Correction or Recession: Truck Industry Sees Slowing As The Year Ends

by Punjabi Trucking

Amid continued uncertainty about tariffs and a tumbling stock market, it’s not surprising that an index measuring market conditions for trucking companies reports a second consecutive month of steep declines and the lowest reading since August 2017. According to freight transportation intelligence provider FTR, orders for new Class-8 trucks have dipped significantly in recent months with November’s number of 27,500 by far the lowest of the year.

Not only are truck orders down, but leading trucking industry stocks have also plummeted with shares dropping more than 25% since September for leading companies such as Knight-Swift Transportation, down 27%, J.B. Hunt Transportation Service, down 26% and Landstar System, also down 26%. Most Wall Street analysts believe the market is currently experiencing a correction with a possible economic slowdown looming in 2019.
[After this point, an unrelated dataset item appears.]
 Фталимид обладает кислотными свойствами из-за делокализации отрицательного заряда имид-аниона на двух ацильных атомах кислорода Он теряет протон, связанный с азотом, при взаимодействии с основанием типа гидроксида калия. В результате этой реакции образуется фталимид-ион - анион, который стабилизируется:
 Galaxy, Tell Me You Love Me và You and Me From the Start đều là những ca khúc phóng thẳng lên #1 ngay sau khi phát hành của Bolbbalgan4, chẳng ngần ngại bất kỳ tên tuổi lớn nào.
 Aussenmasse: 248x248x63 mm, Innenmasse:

“Market valuations for most trucking and logistics stocks have been correcting,” said Matthew Young, an equity analyst at Morningstar, a Chicago based investment research firm. “It’s become more obvious that freight demand and pricing gains will slow meaningfully in 2019,” he predicted.

What had been a white-hot market with massive retail demand and favorable prices has seen consecutive months of slowing. Department of Transportation figures indicates the growth rate for U.S. truck tonnage shipped slowed from 10.1% in June to 5.2% in August. Not coincidentally, these drops correspond with the U.S.-China trade war which the Trump Administration initiated at the beginning of summer. Tariffs, combined with a cyclical slowdown and declining oil prices, have all created lower freight prices.
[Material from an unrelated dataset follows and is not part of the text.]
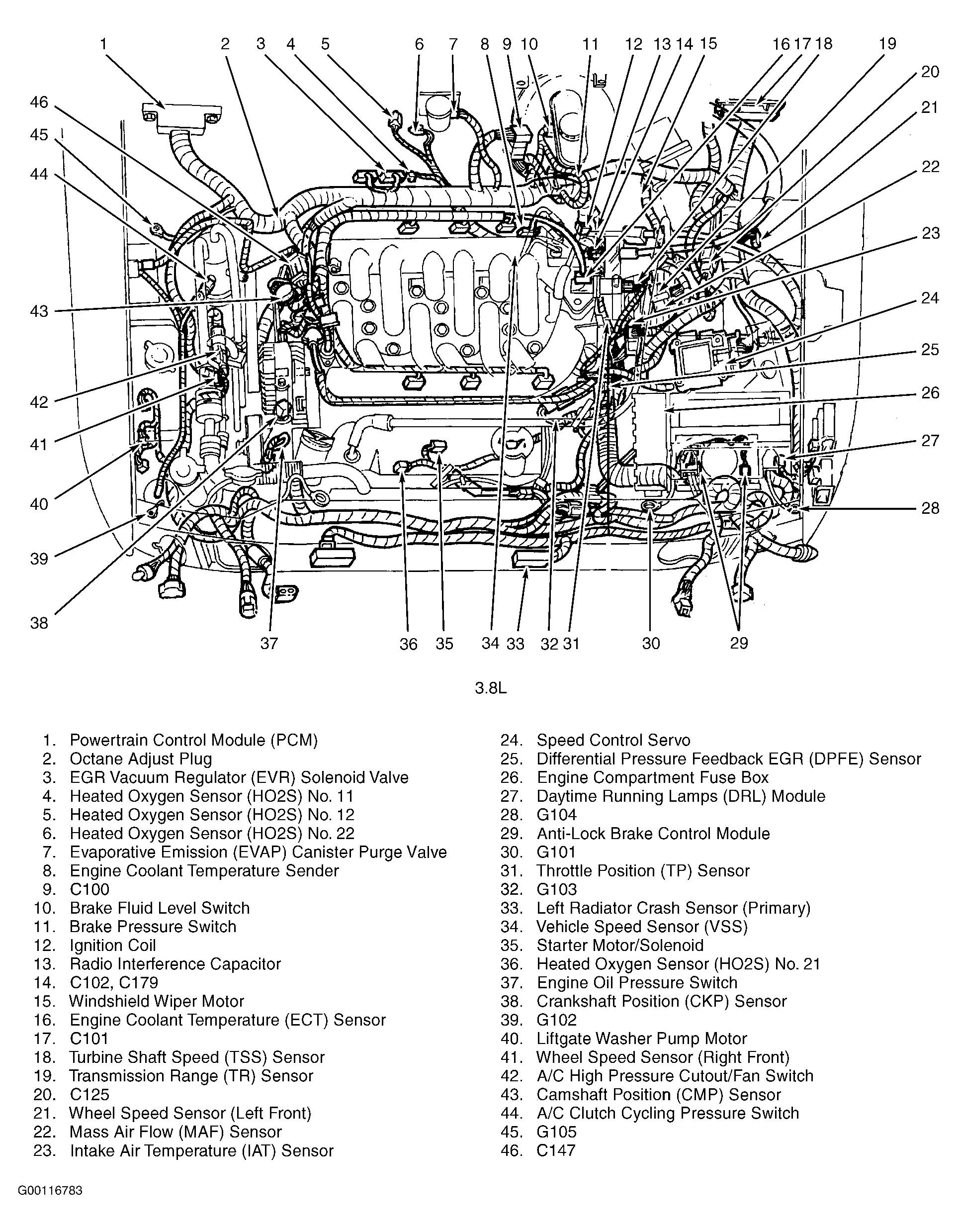 Daytime Running Lights (DRL) Module (3.8L)At left front of engine compartment.

“Lower levels of demand combined with declining oil/fuel prices are beginning to take their toll on trucking industry pricing power,” said Nicholas Colas, co-founder of DataTrek Research. Indeed, oil prices have slipped with West Texas Intermediate crude oil down nearly 40% from its four year high of $76.90 a barrel in October. Although cheaper oil helps truckers with costs, slowing tonnage demands can be a serious long-term challenge.

Fortunately, truck makers are not in any trouble yet with truck orders reaching nearly 500,000 since last November, leading to persistent backlogs which extend well into 2019. Truck manufacturers are running at high capacity with an annual rate of 320,000 new trucks being built despite the major downturn in November. While some companies are seeing cancellations, they are nowhere near the depths reached in 2016 at the height of the most recent transportation recession. Truckers, however, are leery of the over-capacity which can be generated during economic booms.